Q: It is clear that telehealth has the potential to address disparities in access to care. Are you at all worried that the sudden transition to permanent menstruation could make disparities worse for some people?

A: Telehealth has brought to light longstanding inequities in the health care system. Some can be resolved by continuing to allow audio-only tours. We’ve seen research that found that older adults and non-native English speakers tended to use audio only rather than live video. That’s why I think it’s important to preserve the audio-only option. But you can’t just use audio for everything. There will be situations where this is not the best way to provide care because live video or in-person care is needed. This is likely to create access differentials for enrollees who may still lack broadband and also have difficulty accessing services in person. So a key question is how can we support access to care for those who face barriers?

More also needs to be done to address digital connectivity so that these patients can experience the benefits of telehealth. That could include expanding broadband access, which other parts of the state government are looking to address. However, this will take time. I hope the state will continue to expand as many options as possible for people to access and receive care, including only audio, until all Californians have sufficient access to broadband and digital devices. or easy access to in-person care.

Q: What do you think should be included in the research and evaluation plan that DHCS will be releasing soon?
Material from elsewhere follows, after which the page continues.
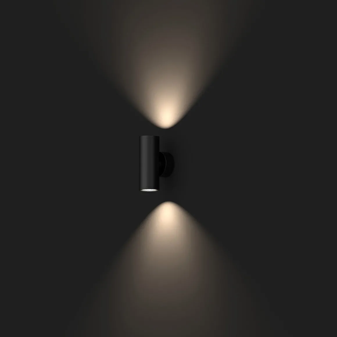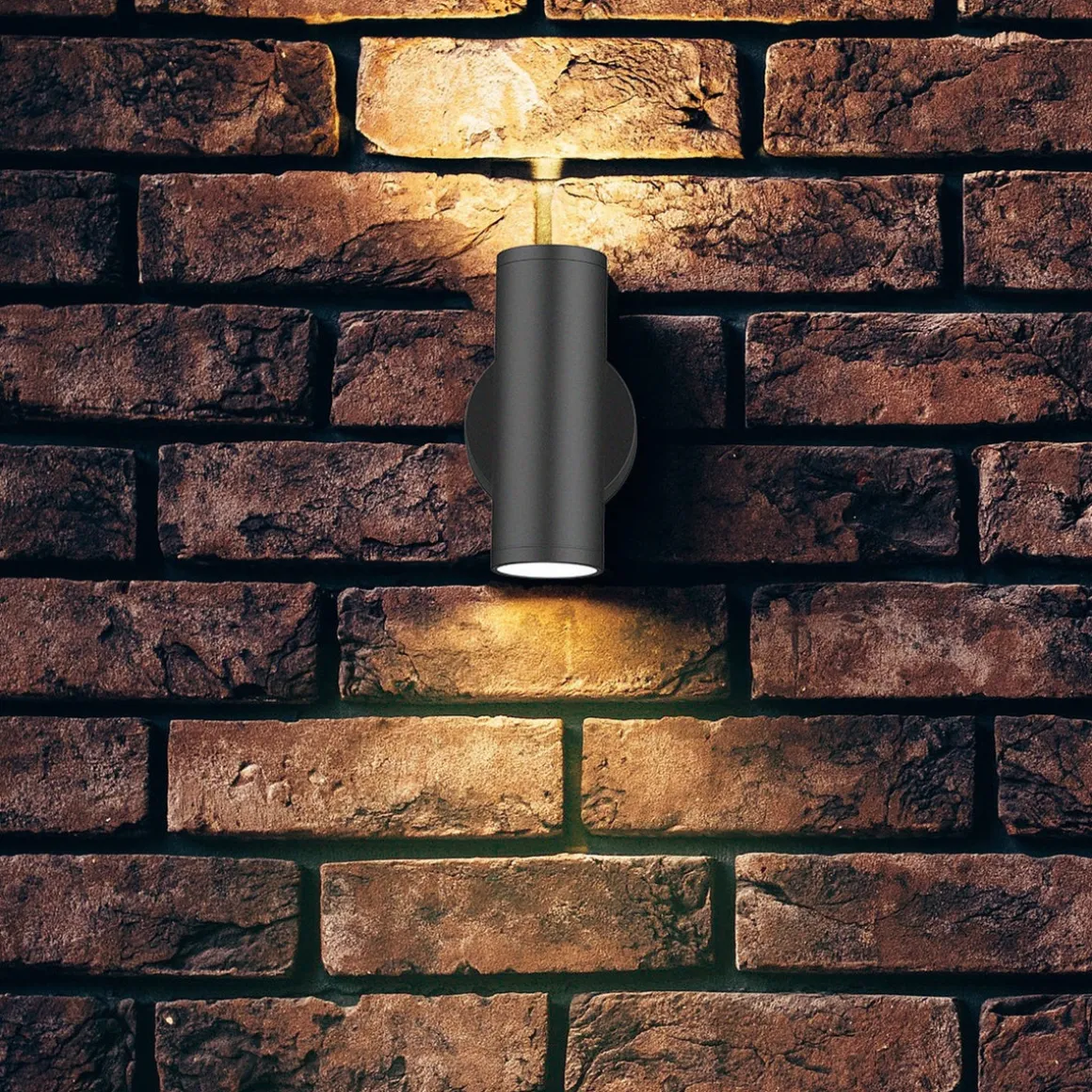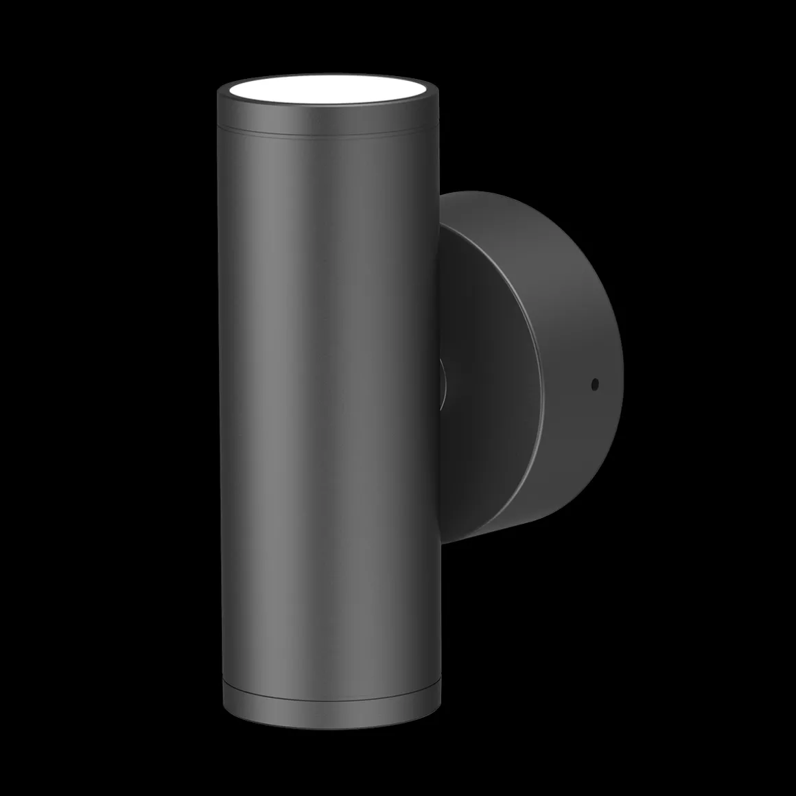 Gyre opp og ned er en sylinderformet vegglampe med opp / nedlys for utendørsbruk.

A: Clear research and evaluation data will allow DHCS to see how often telehealth is used, how it is used, which patients choose to use it, and where it is used. It will also help identify who is not being helped, where they are and why telehealth is not being used with this population. This would help correlate this data with types of visits and whether racial and ethnic disparities in digital literacy and broadband access are factors.

Understanding the impacts of additional mandates from Medi-Cal-specific providers could also help ensure that disparities between Medi-Cal and commercial patients do not exist. With better education, data, and a better understanding of the use of telehealth, policy adjustments can be made to better serve enrollees and reduce disparities.